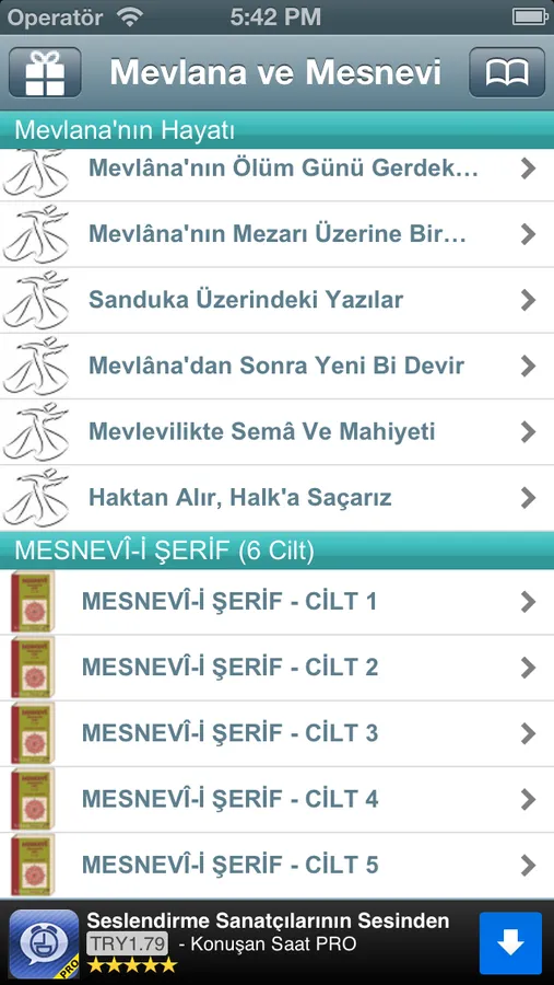 Mevlana'nin detaylı olarak hayatına ve 6 ciltlik ''Mesnevi-i Şerif'' eserinin tamamına ulaşıp okuyabileceğiniz iPhone/iPad uygulamasıdır.
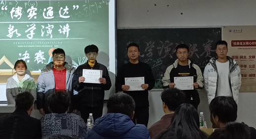 进入决赛的9名选手按抽签顺序依次演讲,选手们不负众望,都以自信十足的姿态、饱满的热情、慷慨激昂的语言描述了对数学的热爱,更有肢体语言的合理配合,博得了台下观众的阵阵掌声和声声加油,带领观众在学习数学知识的同时,充分感受到数学的魅力。优美的声音,激昂的语调,流畅的幻灯片,把现场气氛一次又一次的推向高潮,在场的观众和评委共享着这一视听盛宴。比赛结束后,数医系学生会副主席梅田帅对活动进行总结,并给选手提供了两点建议:1、演讲时应多与观众和评委进行眼神交流,效果更好。2、多注重讲,PPT只是展演的媒介。学习部工作人员汇总选手的成绩,确定了最终的获奖名单,由副书记杨欣宇、副主席梅田帅、副主席周逊和组织部副部长陈国栋为获奖选手颁发荣誉证书。获奖名单如下:
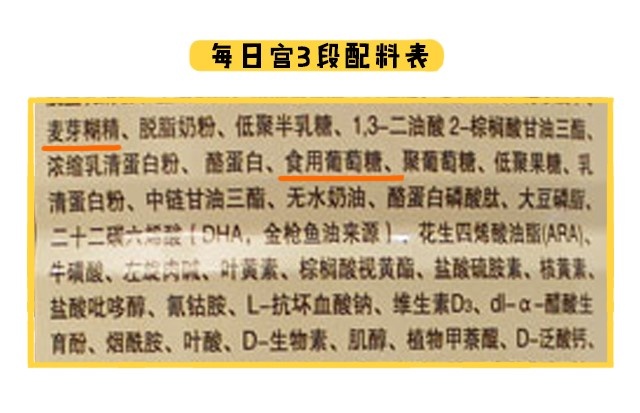 而每日宫全部段数都使用了麦芽糊精,2段之后还额外添加了食用葡萄糖。
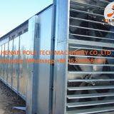 Manure is cleaned and discharged by the Polypropylene (PP) manure belts of 1.10 mm thickness.These PP belts are located underneath every tier and row of the cages and towed by drive reducer engines to clean the manure in a flawless way.This strong and robust construction is operated without problem even in very long hen houses.Rollers and the scrapers located on each tier and row spills the manure to the discharging manure conveyor at the end of the hen-house and the manure is removed from the hen-house by this discharging manure conveyor.A cover has been placed at back of the manure belts for avoid splashing and not to make dirty hen house and transfer the manure to the conveyor as dandy.The manure belt is made of white PP product which made in Italy,the best quality we can get all over the world now. The belt system is consisting of front cap rollers stretching and internal scrapping off apparatus as well as the rear scrapping off rollers, pressing balls,external scrapping off apparatus, conveyor drive systems and the electrical reducer engines.
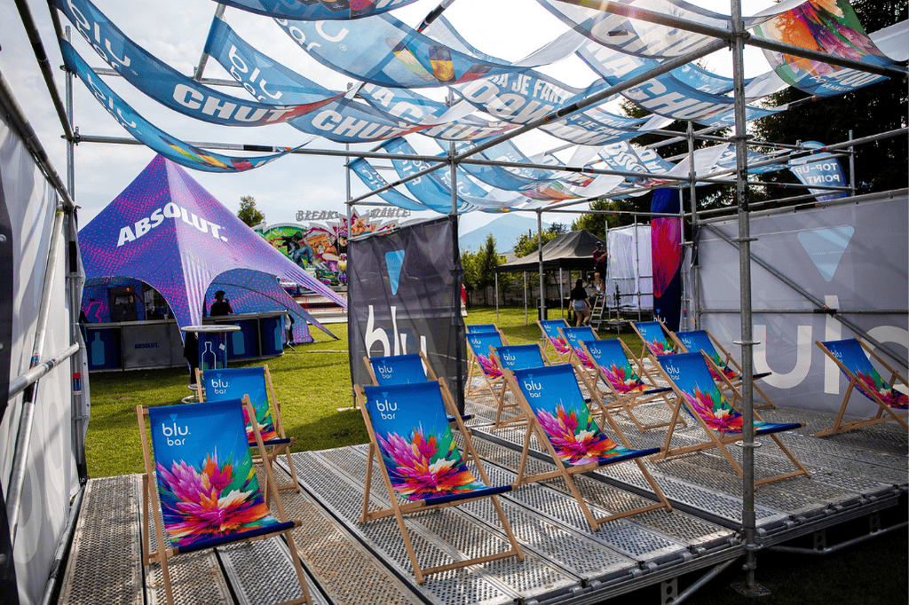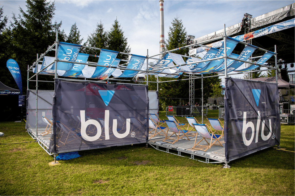 Centrálnu hliníkovú konštrukciu, ktorá vytvorila oddychovú zónu s výhľadom na stage a výrazným brandingom blu.
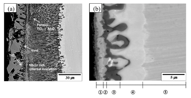 모합금의 산화를 막아주는 역할을 한다. 반면 TiAl 합금의 경우, 온도별 Ti / TiO2, Al / Al2O3 평형 산소 분압이 거의 일치하기 때문에, 치밀한 Al2O3가 모재 표면에 우선적으로 생기지 않고 TiO2, Al2O3 산화물이 동시에 생성되는 특징이 있다. 특히 TiO2 산화물은 Al2O3 산화물에 비해 성장속도가 빠르고, 모합금과의 열팽창 계수 차이가 크다는 특징이 있다. 이로 인해 TiO2 산화물이 반복적으로 생성 및 박리되어 고온 영역에서 γ -TiAl 합금 사용을 어렵게 만드는 주요 요인으로 작용한다 [5]. 이에 많은 연구자들이 TiO2 생성 억제를 통한 TiAl 합금의 내산화성 개선 연구를 다각도로 진행하고 있다.
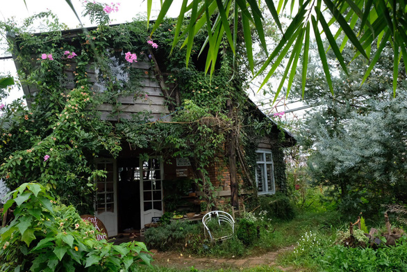 Căn nhà gỗ xinh xắn với hoa thường xuân và nhiều khu vực để dựng lều ngay trong khu vườn của anh - Ảnh: VŨ THỦY
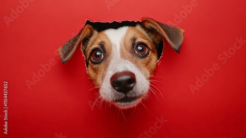 Playful Jack Russell Terrier Licking Nose with Red Cardboard Background
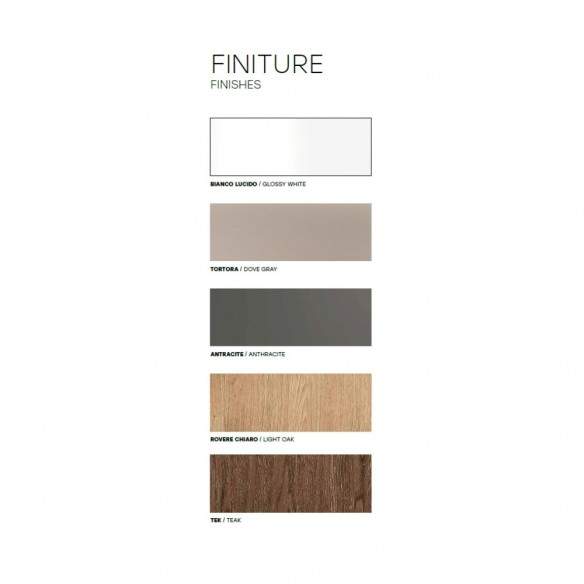 Disponibile nei colori Bianco lucido, Tortora, Antracite, Rovere chiaro e Tek, si adatta a ogni stile d’arredo, dal più contemporaneo al più naturale.
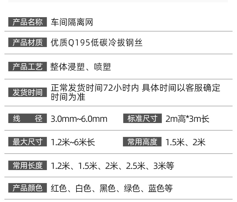 창고 작업장 격리망, 특송 분류망, 칸막이 보호망, 강 로봇 울타리, 관광용 가드레일망
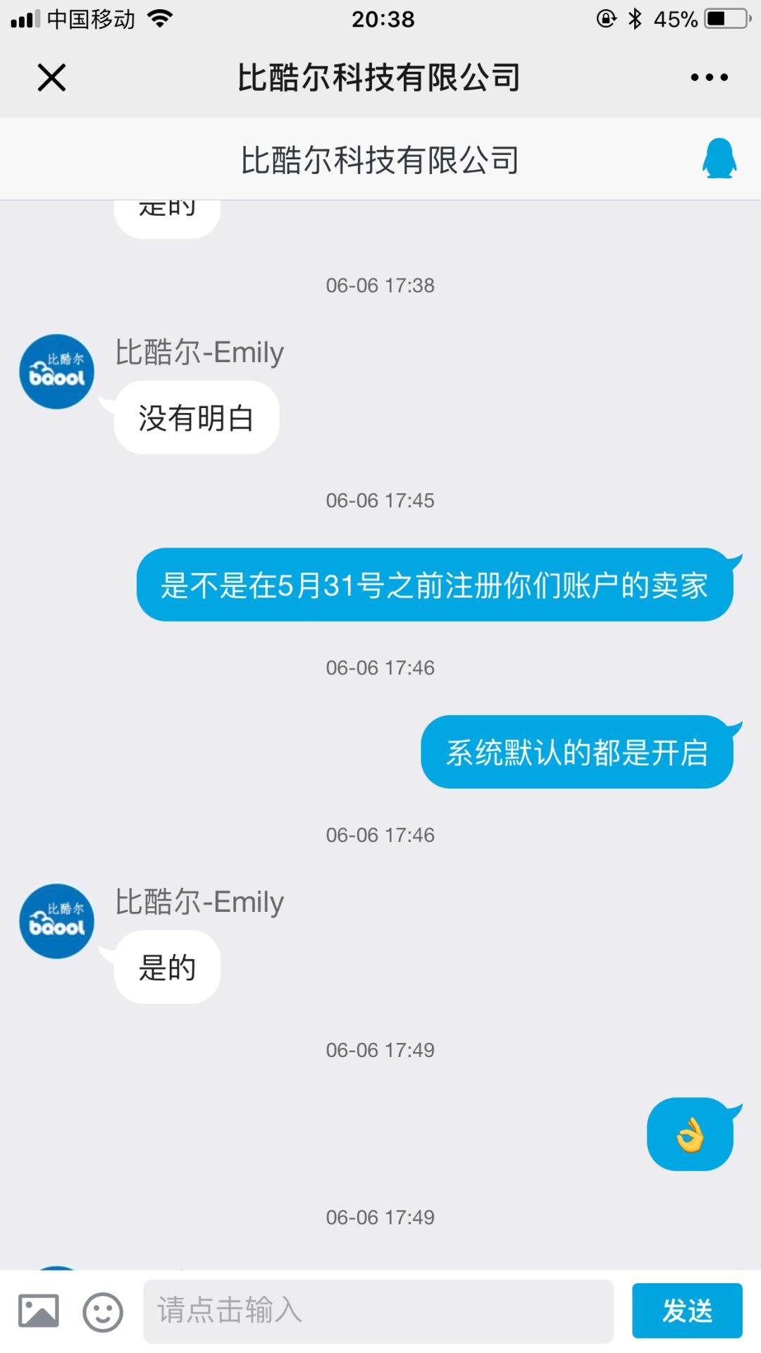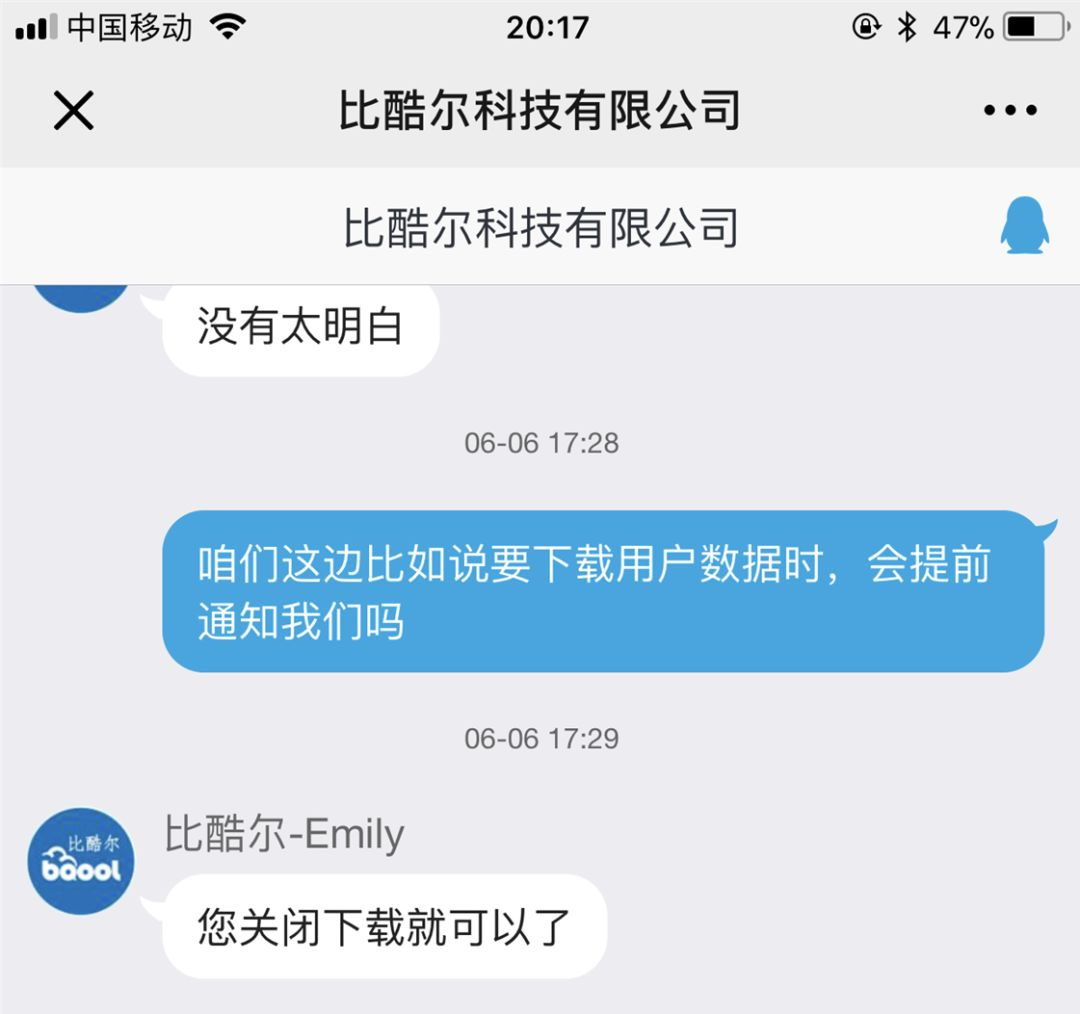 客服同时表示,因为这个下载是软件正常运行需要,但是因为有很多卖家存在一些担心,根据卖家提的意见,比酷尔设置了开启、关闭按钮,自北京时间5月31日上午8点起注册的用户,下载用户数据这项是处于默认关闭的状态,如果有卖家有需要可以要求开启。

------------------------------------

Work item:
The answer is the run of lines from the one with "Disponibile nei colori" through the final line of the data, copied exactly, and nothing else; no pictures.

Result for this exercise:
 Disponibile nei colori Bianco lucido, Tortora, Antracite, Rovere chiaro e Tek, si adatta a ogni stile d’arredo, dal più contemporaneo al più naturale.
 창고 작업장 격리망, 특송 분류망, 칸막이 보호망, 강 로봇 울타리, 관광용 가드레일망
 客服同时表示,因为这个下载是软件正常运行需要,但是因为有很多卖家存在一些担心,根据卖家提的意见,比酷尔设置了开启、关闭按钮,自北京时间5月31日上午8点起注册的用户,下载用户数据这项是处于默认关闭的状态,如果有卖家有需要可以要求开启。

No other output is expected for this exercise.